Now I’ll grant that when I was a kid, I got pretty carried away with a lot of things. Star Wars and The Lord of the Rings were my big things. But I got over it. I still really like them, but I’m certainly not obsessed with them. Honestly, I’ve still got a few things like authors that I get carried away with, and will buy pretty much anything they write. I like them a lot, and recommend them to everybody. But I also realize that they’re not everybody’s cup of tea. Frankly, I’d feel a little silly enthusing over a book or movie like a 12 year-old girl with a new copy of Tiger Beat with a fold-out of Justin Bieber (speaking of things I don’t understand).

I think it probably concerns me most because it makes me feel more mature in comparison to those overly enthusiastic fans of anything. Honestly, anything that makes me feel like the adult in any situation concerns me because I know how phenomenally immature I really am.

I just don’t understand.

 

4 thoughts on “Things I don’t understand #3: Harry Potter and the Epicization of Everything

  1. I’d like your author/book recommendations, please.
    I like everything you wrote here, but I can’t comment very well because I have a bad headache.
    Keep writing. You should write a book. I’d buy it and recommend it.

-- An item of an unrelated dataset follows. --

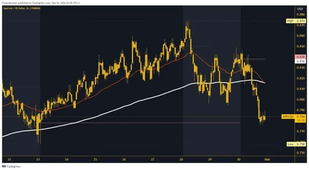 We saw the new September high price of ApeCoin on Saturday at the 0.874 level. We stayed up there for a short time because a bearish consolidation was quickly initiated and a drop to the 0.800 level. Then, on Saturday, we saw the first recovery to 0.840, where ApeCoin encountered new resistance and formed a lower high. On Sunday, the price once again tried to break through the resistance zone, but to no avail.

    1. Hey Kim, Sorry it’s taken me so long to get back to you. At the top of the blog home page is a tab marked book stuff. It contains some recommendations. Enjoy!

  2. By the way, I love Harry Potter lol. But the books, not the films. The films are entertaining in their own right, but only really good if you’ve read the books so you get all the stuff they didn’t put in. However I get your point about epics being overdone these days. The public goes through stages. I remember watching a documentary on religion in Hollywood. There was the age of religious epics–think “Ben Hur” and “The Robe”. Then there was the age of Satan and the occult–think “Rosemary’s Baby” and “The Omen” (the original obviously, not the pathetic remake). Speaking of remakes, there seemed to be a decade of remakes–“The Omen”, “Manchurian Candidate”, etc. At least as far as movies are concerned, it goes through cycles. Now is the cycle or age of epics. We’ll see what the next cycle brings.

    1. It would be nice if we could get into a cycle of good movies. Jess and I went to see “Gone Girl” a couple of weeks ago. Now that was a really good movie. A real brain twister that kept you wondering where it was going next. Not for the squeamish or faint of heart, but a really good movie. Anyway, thanks for reading!